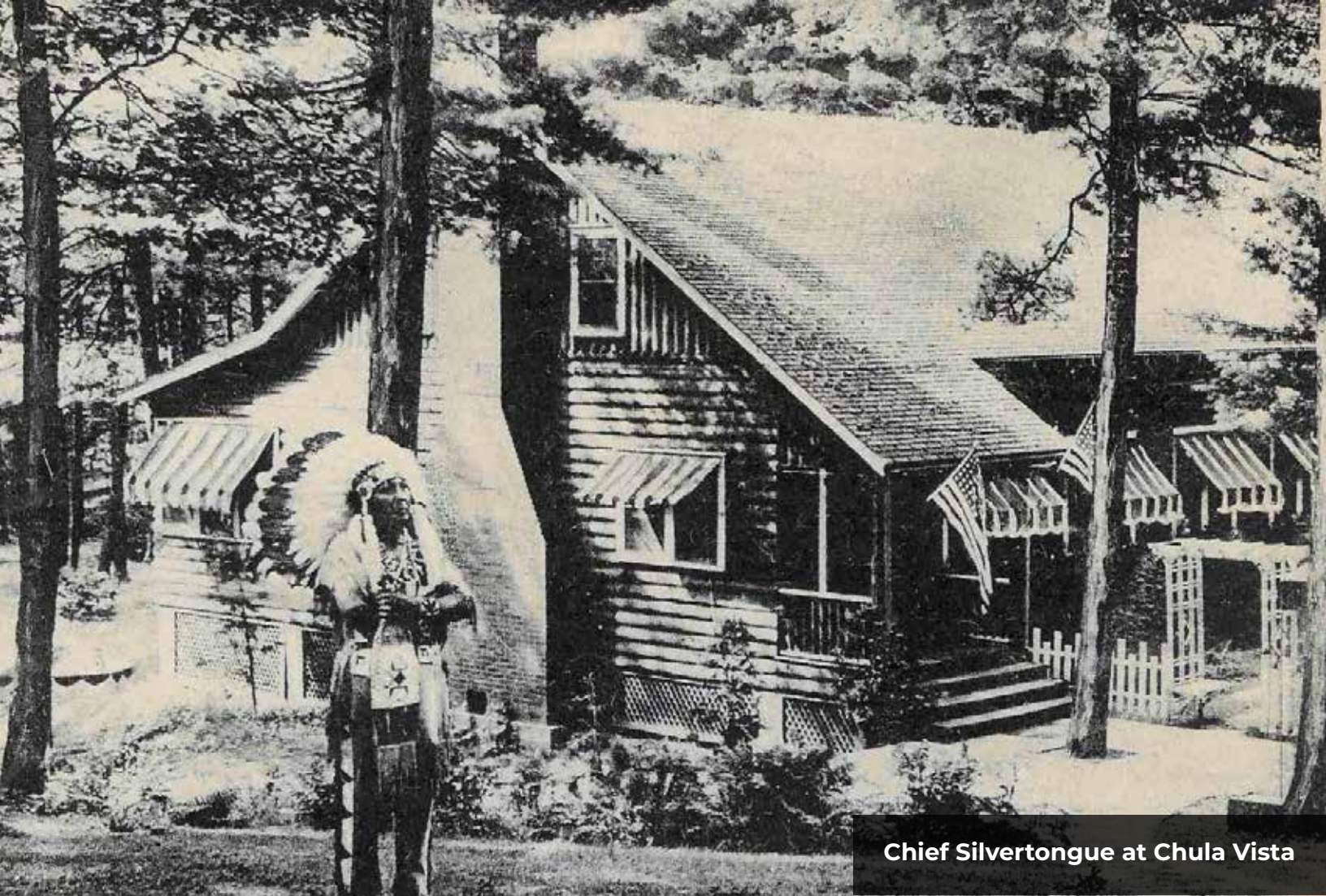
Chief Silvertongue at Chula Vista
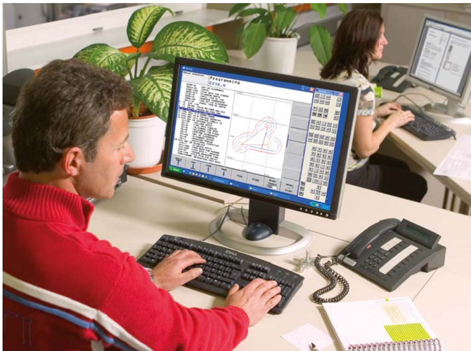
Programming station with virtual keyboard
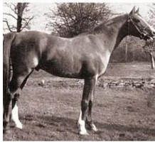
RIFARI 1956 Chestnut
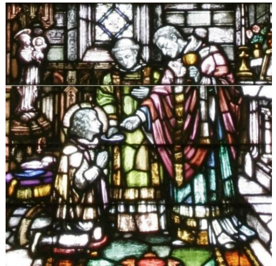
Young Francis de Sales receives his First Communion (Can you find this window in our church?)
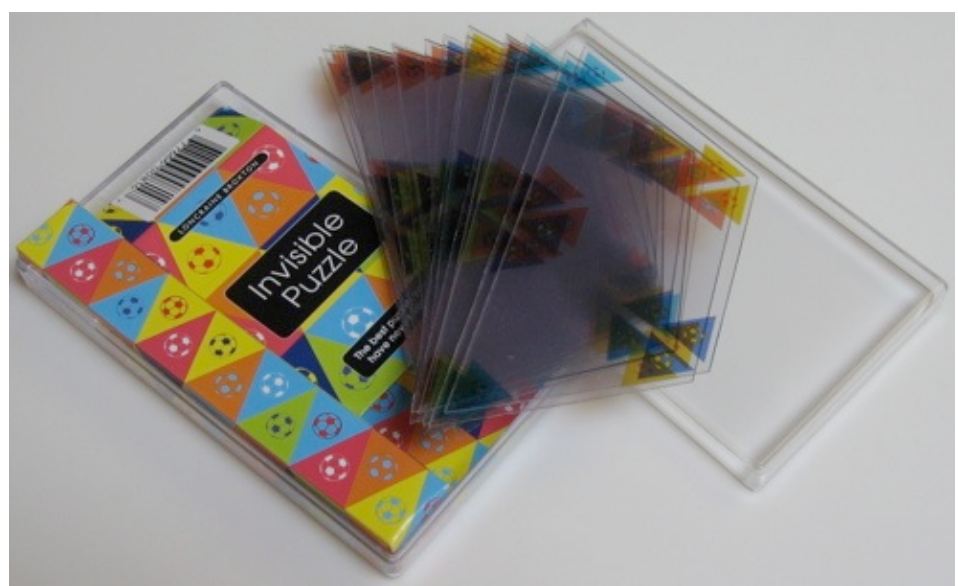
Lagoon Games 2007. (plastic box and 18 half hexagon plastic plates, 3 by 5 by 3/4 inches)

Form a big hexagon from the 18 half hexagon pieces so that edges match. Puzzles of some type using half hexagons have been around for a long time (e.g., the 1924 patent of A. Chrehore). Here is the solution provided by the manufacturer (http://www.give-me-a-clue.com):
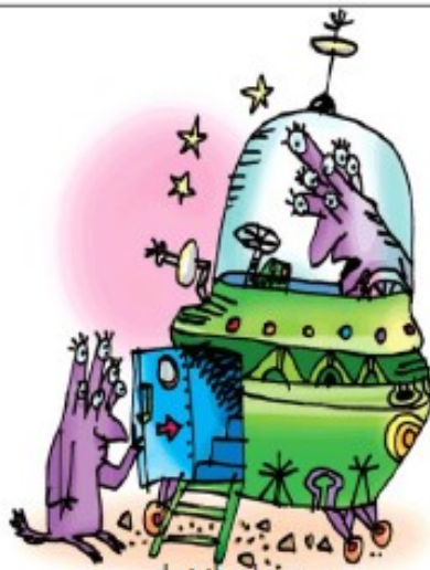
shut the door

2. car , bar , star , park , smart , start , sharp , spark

...

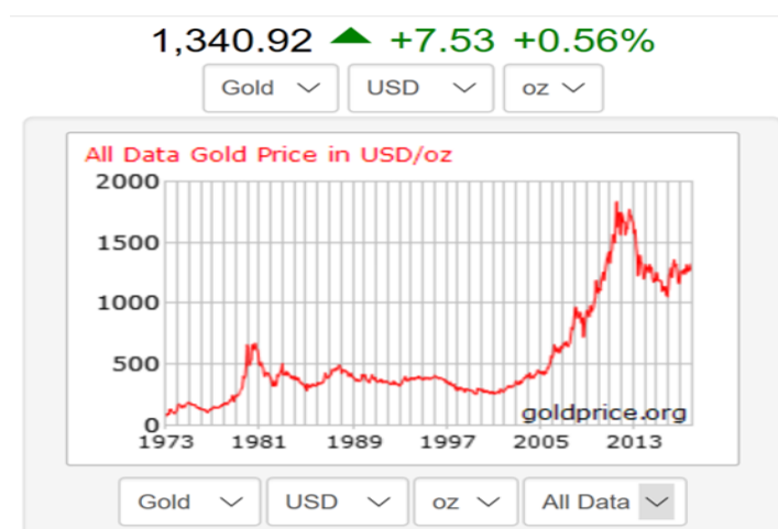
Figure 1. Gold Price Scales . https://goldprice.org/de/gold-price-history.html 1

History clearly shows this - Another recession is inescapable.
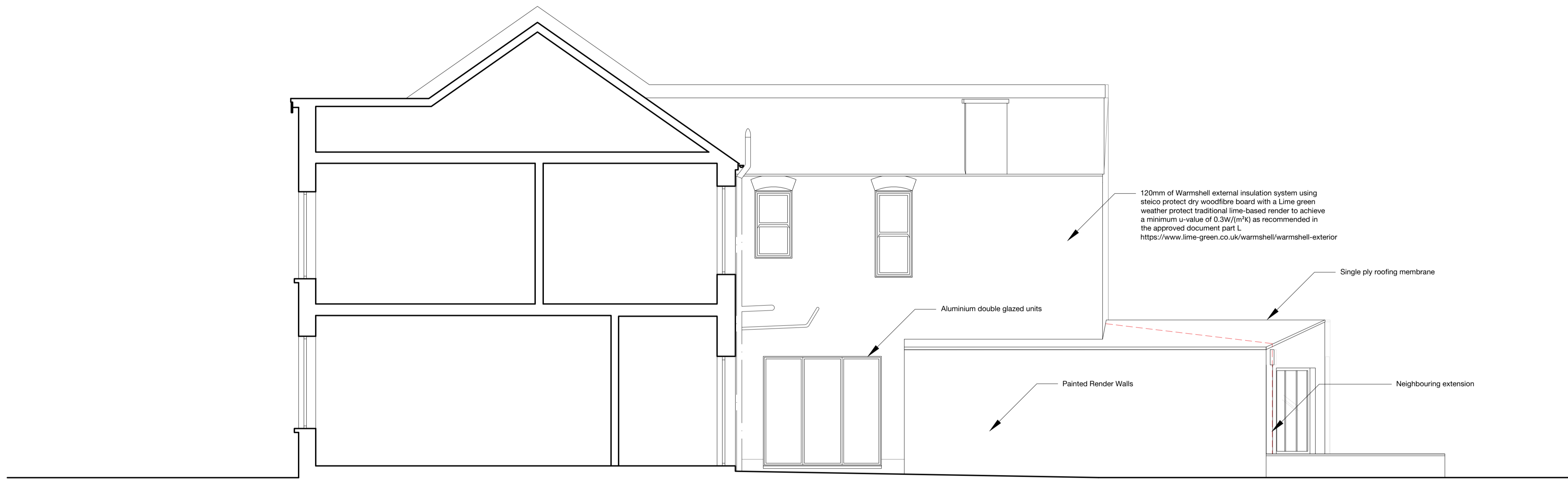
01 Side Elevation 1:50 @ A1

**WHAT YOU WILL DO:**
Return exactly the lines of the material above, starting at the line containing "Form a big hexagon" and finishing at the line containing "2. car , bar", without any pictures.

**ANSWER AREA:**
Form a big hexagon from the 18 half hexagon pieces so that edges match. Puzzles of some type using half hexagons have been around for a long time (e.g., the 1924 patent of A. Chrehore). Here is the solution provided by the manufacturer (http://www.give-me-a-clue.com):
shut the door

2. car , bar , star , park , smart , start , sharp , spark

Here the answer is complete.